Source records
────

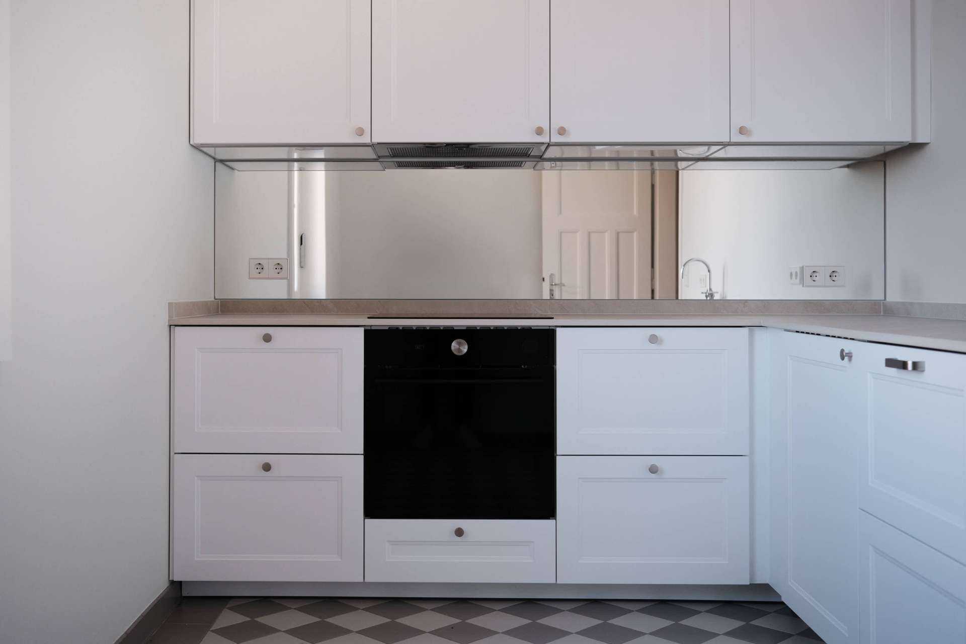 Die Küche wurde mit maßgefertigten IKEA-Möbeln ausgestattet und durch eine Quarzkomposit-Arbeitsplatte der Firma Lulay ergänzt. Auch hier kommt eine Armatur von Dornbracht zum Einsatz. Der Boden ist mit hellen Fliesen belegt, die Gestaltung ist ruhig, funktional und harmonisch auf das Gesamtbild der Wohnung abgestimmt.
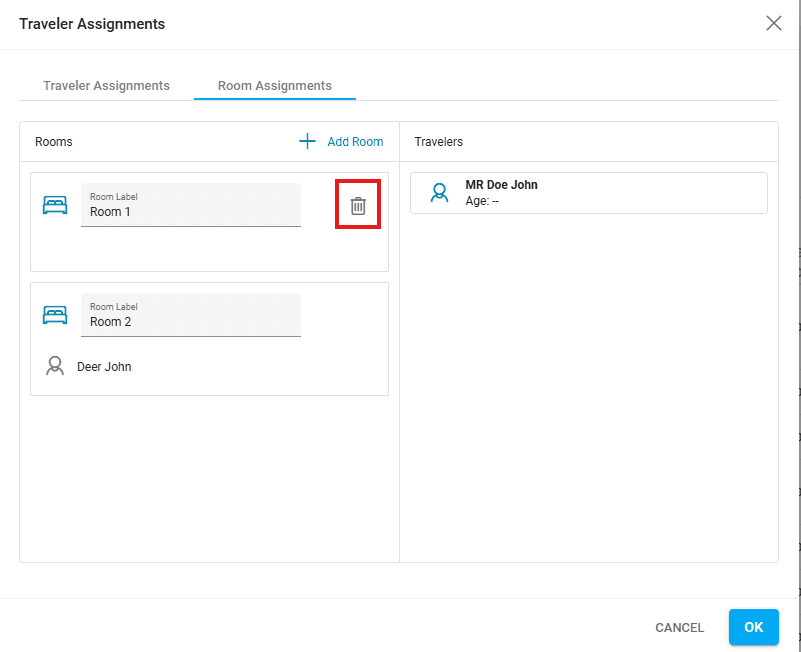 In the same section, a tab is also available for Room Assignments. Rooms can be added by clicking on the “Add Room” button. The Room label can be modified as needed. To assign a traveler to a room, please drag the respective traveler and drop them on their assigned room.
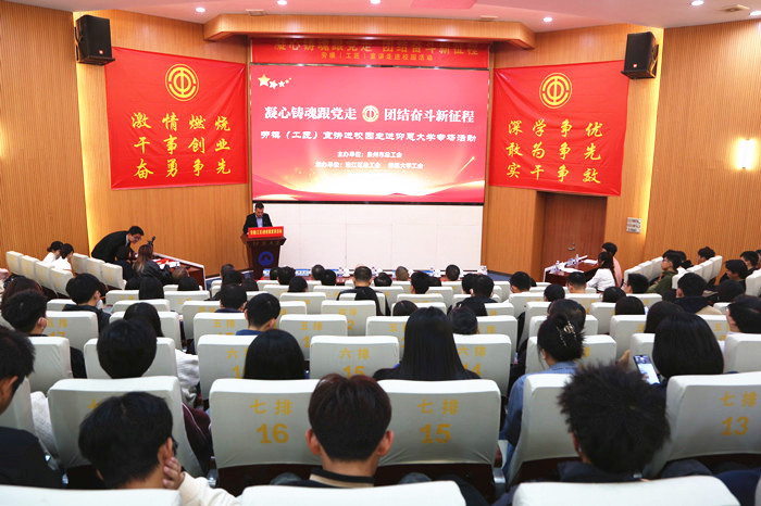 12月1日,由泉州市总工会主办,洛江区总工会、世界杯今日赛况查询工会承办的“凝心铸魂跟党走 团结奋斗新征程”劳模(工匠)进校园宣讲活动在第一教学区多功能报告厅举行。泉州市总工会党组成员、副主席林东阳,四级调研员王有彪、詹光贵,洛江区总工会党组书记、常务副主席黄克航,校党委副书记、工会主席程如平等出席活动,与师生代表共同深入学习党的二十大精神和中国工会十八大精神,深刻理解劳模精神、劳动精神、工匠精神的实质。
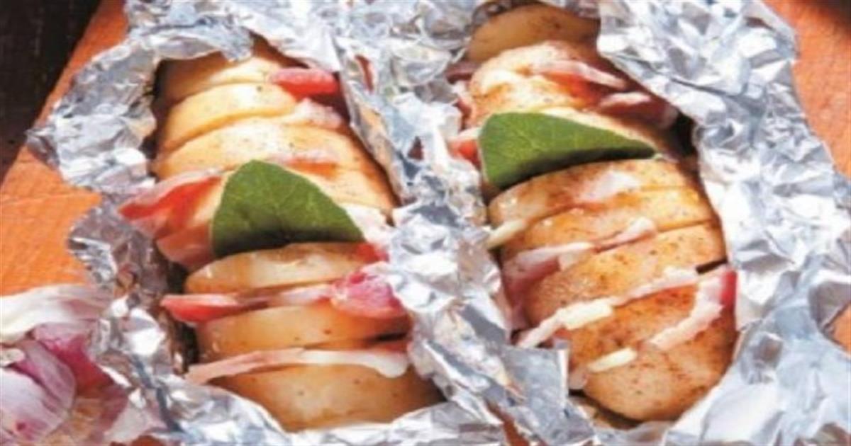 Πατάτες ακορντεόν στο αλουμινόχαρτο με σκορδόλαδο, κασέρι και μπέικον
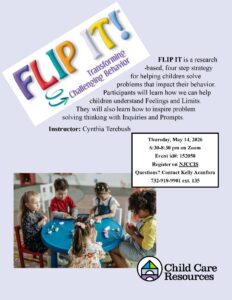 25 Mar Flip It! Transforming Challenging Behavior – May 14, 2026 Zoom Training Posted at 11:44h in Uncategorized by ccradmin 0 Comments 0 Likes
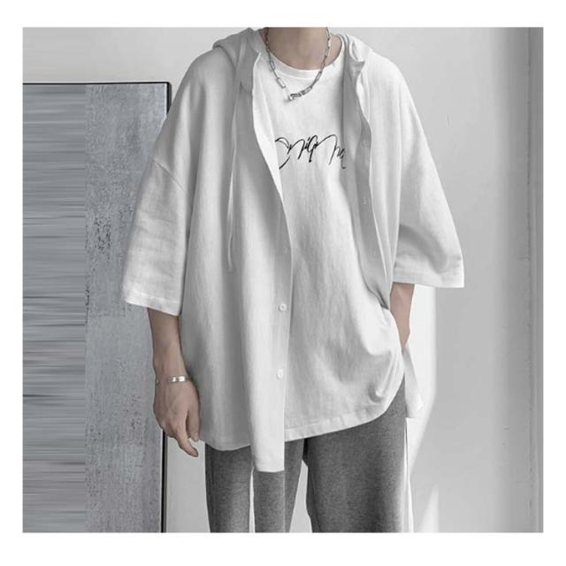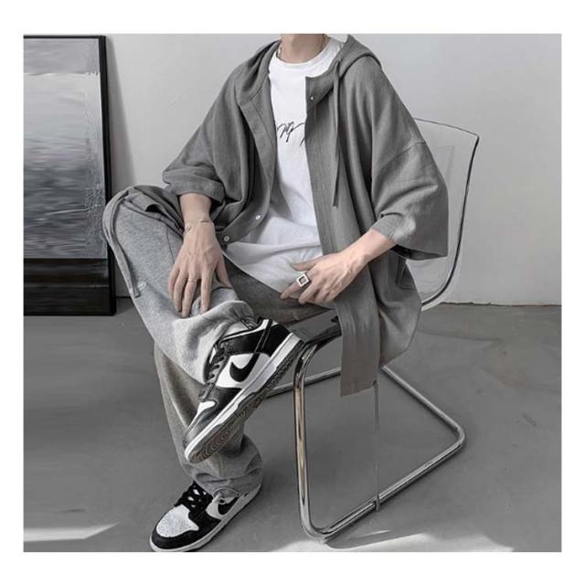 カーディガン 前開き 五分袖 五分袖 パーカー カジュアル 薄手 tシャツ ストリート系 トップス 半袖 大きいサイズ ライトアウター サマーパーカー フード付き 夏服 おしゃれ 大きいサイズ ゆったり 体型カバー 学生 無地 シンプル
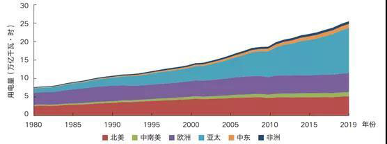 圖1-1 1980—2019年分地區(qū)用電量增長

────

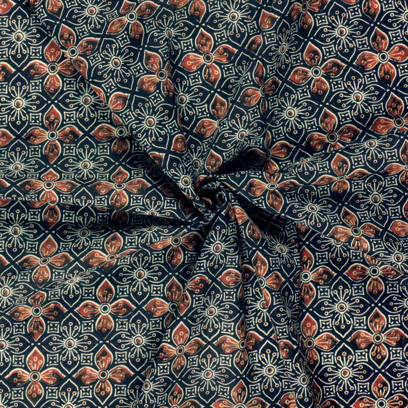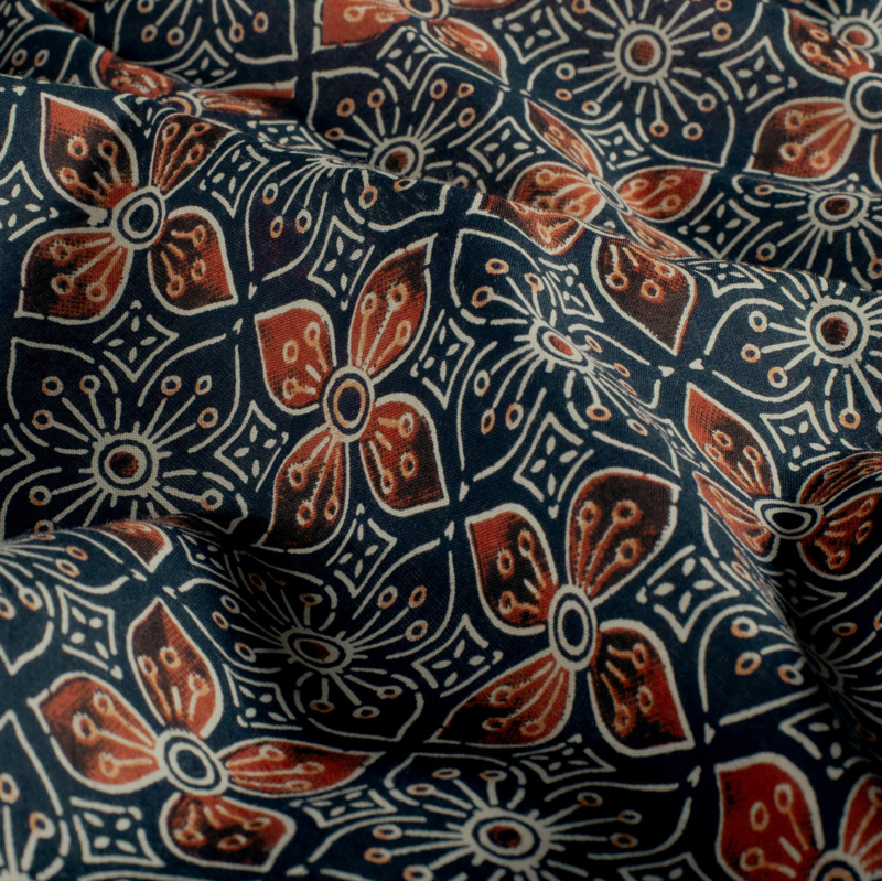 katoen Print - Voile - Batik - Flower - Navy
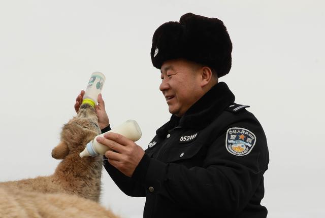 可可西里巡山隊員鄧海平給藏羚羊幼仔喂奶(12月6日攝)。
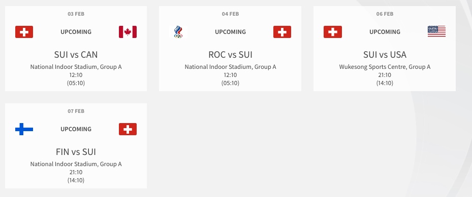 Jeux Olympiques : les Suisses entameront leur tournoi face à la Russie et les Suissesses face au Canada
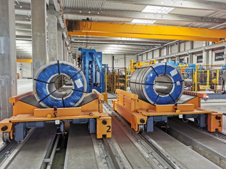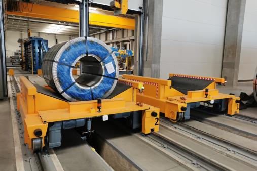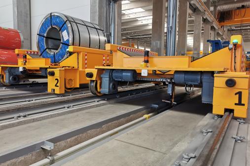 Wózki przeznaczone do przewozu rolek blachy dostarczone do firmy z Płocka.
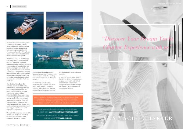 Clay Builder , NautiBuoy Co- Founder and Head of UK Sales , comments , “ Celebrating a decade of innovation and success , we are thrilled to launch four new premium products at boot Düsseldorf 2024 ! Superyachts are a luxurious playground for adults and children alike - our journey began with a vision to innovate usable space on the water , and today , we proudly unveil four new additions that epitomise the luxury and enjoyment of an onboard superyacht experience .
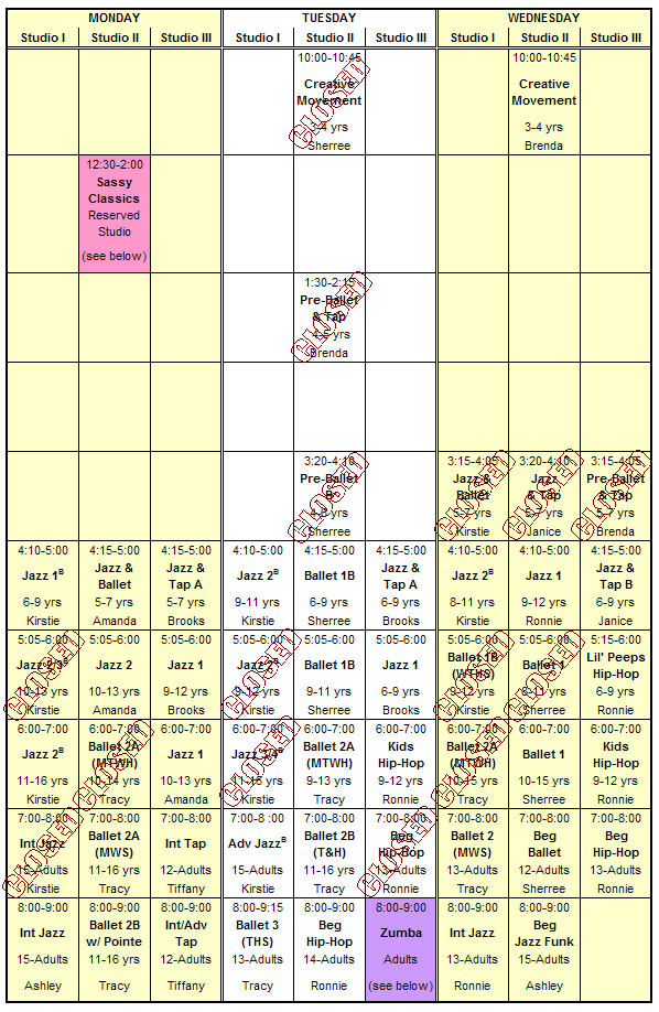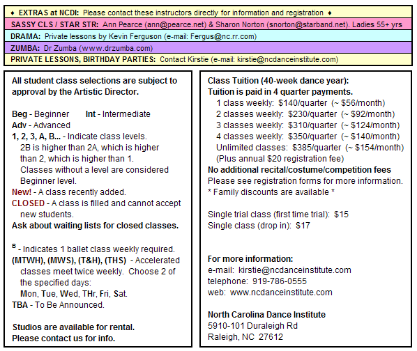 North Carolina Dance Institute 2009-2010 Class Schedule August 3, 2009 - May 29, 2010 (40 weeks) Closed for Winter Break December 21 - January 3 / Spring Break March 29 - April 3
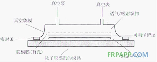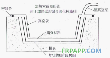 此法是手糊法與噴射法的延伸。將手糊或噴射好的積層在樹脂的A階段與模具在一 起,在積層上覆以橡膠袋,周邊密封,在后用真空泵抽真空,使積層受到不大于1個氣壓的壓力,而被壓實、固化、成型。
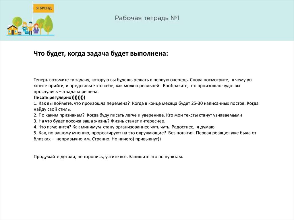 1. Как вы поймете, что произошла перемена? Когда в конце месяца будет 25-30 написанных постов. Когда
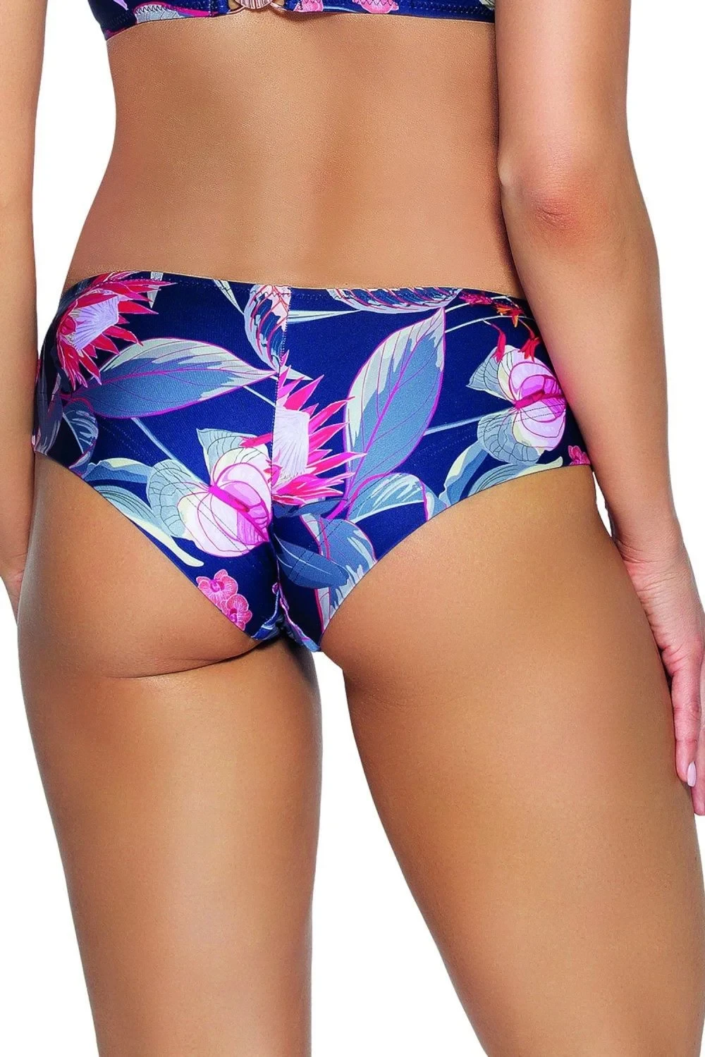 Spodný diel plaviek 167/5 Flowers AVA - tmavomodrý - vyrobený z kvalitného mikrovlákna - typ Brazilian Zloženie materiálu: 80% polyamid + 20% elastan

────

Exercise instructions
The copy should hold only the lines from the one with "Clay Builder , NautiBuoy" through the one with "Spodný diel plaviek", exactly as they stand above. Leave out the pictures.

Reply
 Clay Builder , NautiBuoy Co- Founder and Head of UK Sales , comments , “ Celebrating a decade of innovation and success , we are thrilled to launch four new premium products at boot Düsseldorf 2024 ! Superyachts are a luxurious playground for adults and children alike - our journey began with a vision to innovate usable space on the water , and today , we proudly unveil four new additions that epitomise the luxury and enjoyment of an onboard superyacht experience .
 North Carolina Dance Institute 2009-2010 Class Schedule August 3, 2009 - May 29, 2010 (40 weeks) Closed for Winter Break December 21 - January 3 / Spring Break March 29 - April 3
 此法是手糊法與噴射法的延伸。將手糊或噴射好的積層在樹脂的A階段與模具在一 起,在積層上覆以橡膠袋,周邊密封,在后用真空泵抽真空,使積層受到不大于1個氣壓的壓力,而被壓實、固化、成型。
 1. Как вы поймете, что произошла перемена? Когда в конце месяца будет 25-30 написанных постов. Когда
 Spodný diel plaviek 167/5 Flowers AVA - tmavomodrý - vyrobený z kvalitného mikrovlákna - typ Brazilian Zloženie materiálu: 80% polyamid + 20% elastan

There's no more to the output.